◆ Entries provided
#####

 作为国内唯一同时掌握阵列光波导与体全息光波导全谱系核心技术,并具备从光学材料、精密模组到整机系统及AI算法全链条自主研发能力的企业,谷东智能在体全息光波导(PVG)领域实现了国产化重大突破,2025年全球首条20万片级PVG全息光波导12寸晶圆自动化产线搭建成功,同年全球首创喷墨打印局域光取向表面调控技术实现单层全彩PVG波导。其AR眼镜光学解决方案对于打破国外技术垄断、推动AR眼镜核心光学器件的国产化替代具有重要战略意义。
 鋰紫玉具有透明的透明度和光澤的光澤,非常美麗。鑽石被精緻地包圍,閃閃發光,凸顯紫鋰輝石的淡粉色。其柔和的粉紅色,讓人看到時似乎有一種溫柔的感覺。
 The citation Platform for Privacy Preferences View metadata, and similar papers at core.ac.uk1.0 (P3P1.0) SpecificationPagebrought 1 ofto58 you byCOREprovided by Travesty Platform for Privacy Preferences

#####

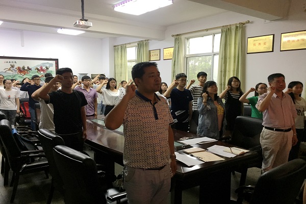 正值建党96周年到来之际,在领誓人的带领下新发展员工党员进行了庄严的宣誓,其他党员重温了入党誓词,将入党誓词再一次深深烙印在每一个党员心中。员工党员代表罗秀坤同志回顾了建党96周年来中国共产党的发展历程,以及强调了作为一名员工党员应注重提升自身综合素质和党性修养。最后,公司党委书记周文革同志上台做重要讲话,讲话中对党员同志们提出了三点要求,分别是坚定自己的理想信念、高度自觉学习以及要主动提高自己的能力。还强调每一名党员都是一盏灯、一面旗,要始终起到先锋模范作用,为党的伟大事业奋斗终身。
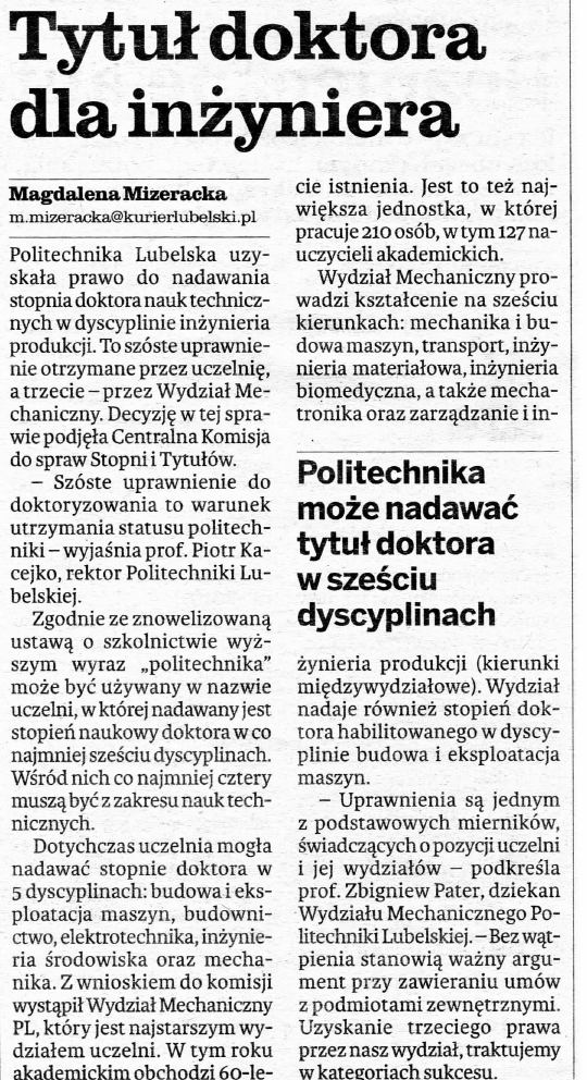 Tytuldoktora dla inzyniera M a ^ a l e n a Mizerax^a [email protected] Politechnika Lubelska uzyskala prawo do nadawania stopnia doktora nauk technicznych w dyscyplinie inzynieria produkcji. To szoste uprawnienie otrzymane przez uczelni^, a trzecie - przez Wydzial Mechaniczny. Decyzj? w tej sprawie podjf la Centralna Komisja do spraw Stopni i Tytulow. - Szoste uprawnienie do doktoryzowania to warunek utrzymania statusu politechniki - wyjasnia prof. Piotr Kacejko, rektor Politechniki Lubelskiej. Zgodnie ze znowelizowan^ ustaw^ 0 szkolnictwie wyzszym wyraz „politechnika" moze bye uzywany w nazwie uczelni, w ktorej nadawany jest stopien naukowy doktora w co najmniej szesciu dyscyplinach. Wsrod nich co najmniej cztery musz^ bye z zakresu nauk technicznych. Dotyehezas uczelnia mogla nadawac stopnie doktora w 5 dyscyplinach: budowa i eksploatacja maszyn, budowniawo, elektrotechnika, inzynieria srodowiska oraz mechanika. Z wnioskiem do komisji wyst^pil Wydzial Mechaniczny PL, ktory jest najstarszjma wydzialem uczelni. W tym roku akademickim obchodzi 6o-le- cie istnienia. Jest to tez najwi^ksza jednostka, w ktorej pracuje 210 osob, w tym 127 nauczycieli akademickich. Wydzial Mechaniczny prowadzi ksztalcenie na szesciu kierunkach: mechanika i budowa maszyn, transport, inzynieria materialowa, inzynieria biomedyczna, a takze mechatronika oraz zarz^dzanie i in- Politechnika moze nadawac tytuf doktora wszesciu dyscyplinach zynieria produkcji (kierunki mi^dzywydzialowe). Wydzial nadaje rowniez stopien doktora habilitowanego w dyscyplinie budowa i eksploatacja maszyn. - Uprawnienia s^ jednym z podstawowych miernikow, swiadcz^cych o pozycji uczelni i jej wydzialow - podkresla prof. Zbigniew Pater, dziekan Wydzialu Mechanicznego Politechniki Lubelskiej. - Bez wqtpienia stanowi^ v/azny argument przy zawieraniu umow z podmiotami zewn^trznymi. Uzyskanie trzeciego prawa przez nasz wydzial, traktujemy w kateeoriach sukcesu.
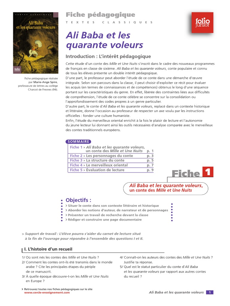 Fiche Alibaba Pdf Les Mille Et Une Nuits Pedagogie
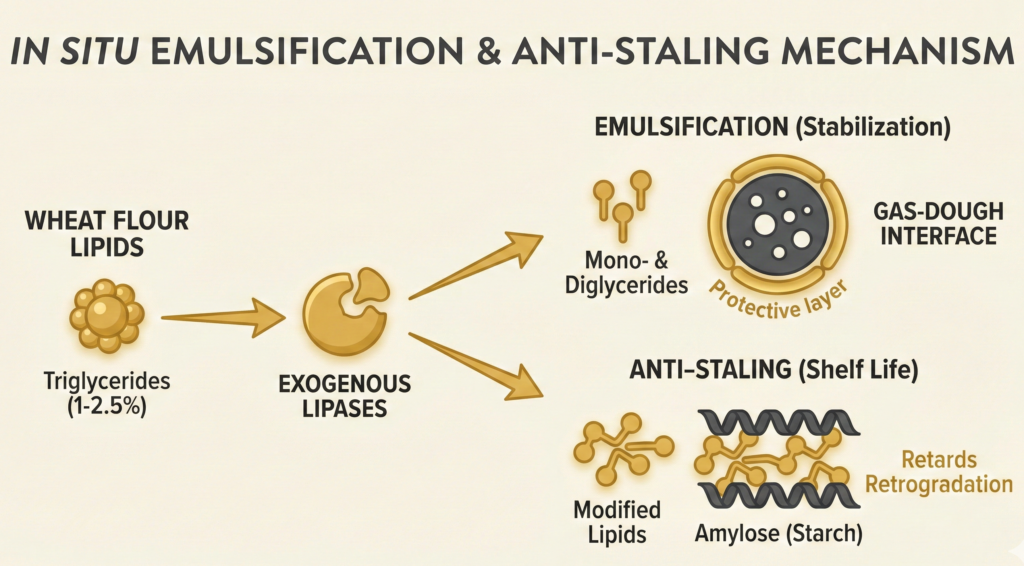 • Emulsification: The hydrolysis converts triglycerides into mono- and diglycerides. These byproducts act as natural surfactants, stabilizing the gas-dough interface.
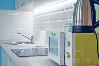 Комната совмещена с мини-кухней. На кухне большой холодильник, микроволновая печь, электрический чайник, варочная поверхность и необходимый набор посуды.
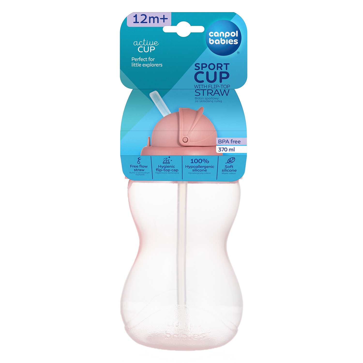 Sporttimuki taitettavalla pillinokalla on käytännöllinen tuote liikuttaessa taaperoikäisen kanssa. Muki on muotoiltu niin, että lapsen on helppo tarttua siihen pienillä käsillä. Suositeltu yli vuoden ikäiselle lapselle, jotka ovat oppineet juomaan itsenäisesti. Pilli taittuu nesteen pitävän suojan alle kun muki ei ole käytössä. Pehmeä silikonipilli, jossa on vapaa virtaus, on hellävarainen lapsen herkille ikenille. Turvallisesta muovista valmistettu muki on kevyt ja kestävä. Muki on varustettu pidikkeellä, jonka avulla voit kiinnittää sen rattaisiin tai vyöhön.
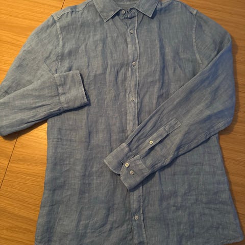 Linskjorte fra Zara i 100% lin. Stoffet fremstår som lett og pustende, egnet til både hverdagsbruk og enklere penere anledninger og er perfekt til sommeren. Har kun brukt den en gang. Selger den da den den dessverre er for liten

#####

Search the listing above for the lines with "作为国内唯一同时掌握阵列光波" and "The citation Platform", then output those lines and all lines between them exactly.

◆ Solution
 作为国内唯一同时掌握阵列光波导与体全息光波导全谱系核心技术,并具备从光学材料、精密模组到整机系统及AI算法全链条自主研发能力的企业,谷东智能在体全息光波导(PVG)领域实现了国产化重大突破,2025年全球首条20万片级PVG全息光波导12寸晶圆自动化产线搭建成功,同年全球首创喷墨打印局域光取向表面调控技术实现单层全彩PVG波导。其AR眼镜光学解决方案对于打破国外技术垄断、推动AR眼镜核心光学器件的国产化替代具有重要战略意义。
 鋰紫玉具有透明的透明度和光澤的光澤,非常美麗。鑽石被精緻地包圍,閃閃發光,凸顯紫鋰輝石的淡粉色。其柔和的粉紅色,讓人看到時似乎有一種溫柔的感覺。
 The citation Platform for Privacy Preferences View metadata, and similar papers at core.ac.uk1.0 (P3P1.0) SpecificationPagebrought 1 ofto58 you byCOREprovided by Travesty Platform for Privacy Preferences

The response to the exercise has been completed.